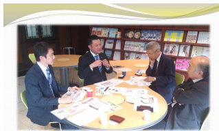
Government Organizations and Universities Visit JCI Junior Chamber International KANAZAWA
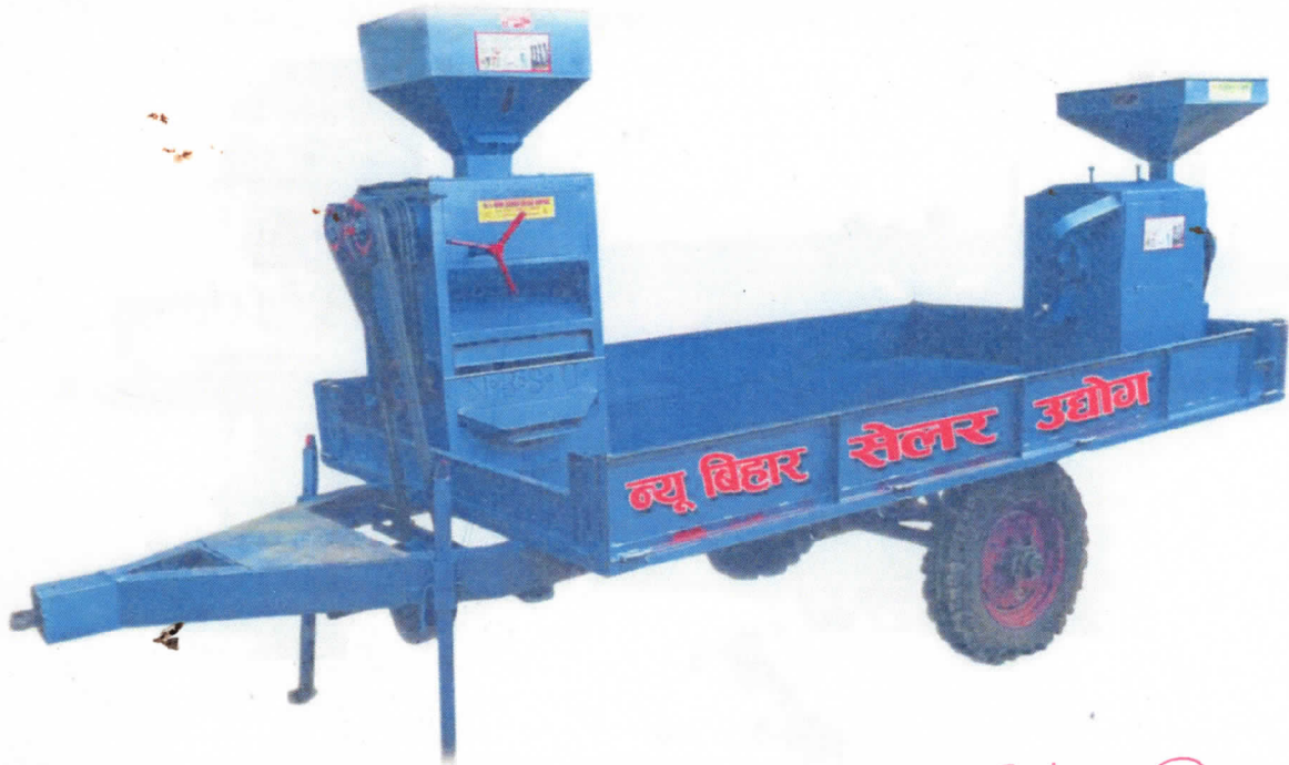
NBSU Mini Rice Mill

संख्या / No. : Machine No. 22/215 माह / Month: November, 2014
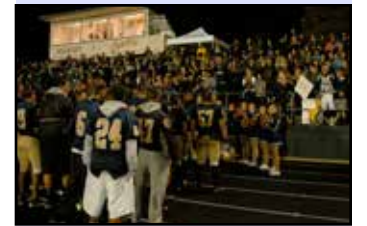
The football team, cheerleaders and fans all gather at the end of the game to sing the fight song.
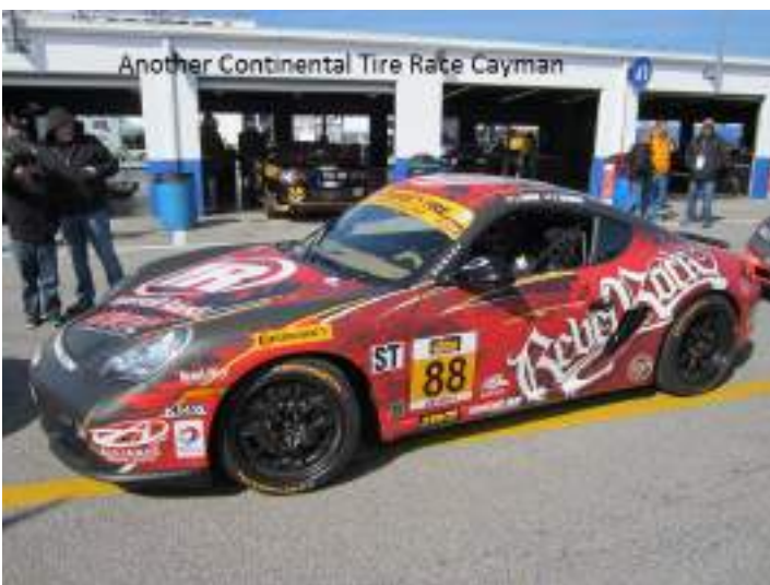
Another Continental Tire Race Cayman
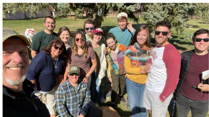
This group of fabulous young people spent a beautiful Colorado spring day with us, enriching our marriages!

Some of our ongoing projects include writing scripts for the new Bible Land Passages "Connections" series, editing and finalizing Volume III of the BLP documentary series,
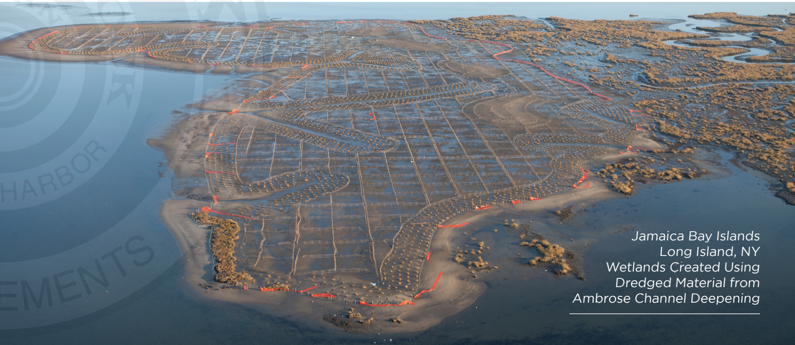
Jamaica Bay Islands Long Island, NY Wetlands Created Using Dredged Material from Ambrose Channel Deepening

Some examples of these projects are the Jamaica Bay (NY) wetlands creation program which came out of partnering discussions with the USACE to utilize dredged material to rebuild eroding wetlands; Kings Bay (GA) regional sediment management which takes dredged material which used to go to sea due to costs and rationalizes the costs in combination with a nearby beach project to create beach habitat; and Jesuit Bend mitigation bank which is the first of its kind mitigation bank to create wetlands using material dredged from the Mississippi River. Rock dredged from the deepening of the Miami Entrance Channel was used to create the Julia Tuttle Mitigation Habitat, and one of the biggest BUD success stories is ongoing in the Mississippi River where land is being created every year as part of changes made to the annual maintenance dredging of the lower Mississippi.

...

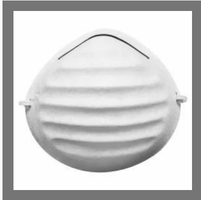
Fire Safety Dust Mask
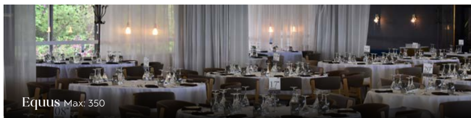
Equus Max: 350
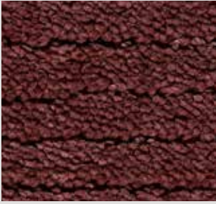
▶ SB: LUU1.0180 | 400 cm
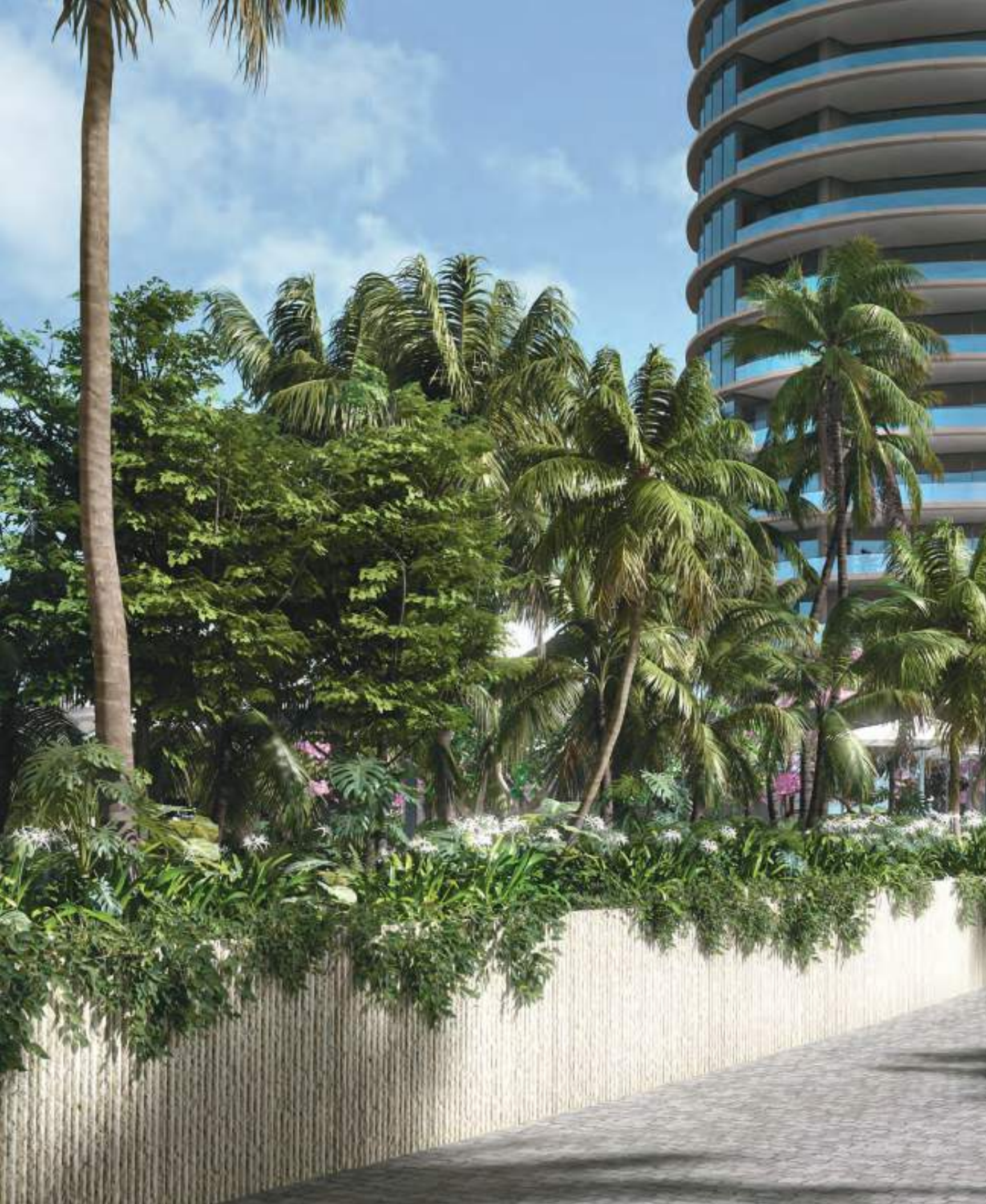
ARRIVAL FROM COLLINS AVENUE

---

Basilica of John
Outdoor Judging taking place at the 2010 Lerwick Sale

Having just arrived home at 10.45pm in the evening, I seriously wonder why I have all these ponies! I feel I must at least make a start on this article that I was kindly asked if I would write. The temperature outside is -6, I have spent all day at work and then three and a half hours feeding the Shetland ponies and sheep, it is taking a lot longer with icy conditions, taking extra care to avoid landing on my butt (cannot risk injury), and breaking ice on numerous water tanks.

## [Task to complete]
When copying from the data above, print only the lines from the line containing "संख्या / No." to the line containing "Jamaica Bay Islands", exactly, and leave the pictures out.

## [Answer]
संख्या / No. : Machine No. 22/215 माह / Month: November, 2014
The football team, cheerleaders and fans all gather at the end of the game to sing the fight song.
Another Continental Tire Race Cayman
This group of fabulous young people spent a beautiful Colorado spring day with us, enriching our marriages!

Some of our ongoing projects include writing scripts for the new Bible Land Passages "Connections" series, editing and finalizing Volume III of the BLP documentary series,
Jamaica Bay Islands Long Island, NY Wetlands Created Using Dredged Material from Ambrose Channel Deepening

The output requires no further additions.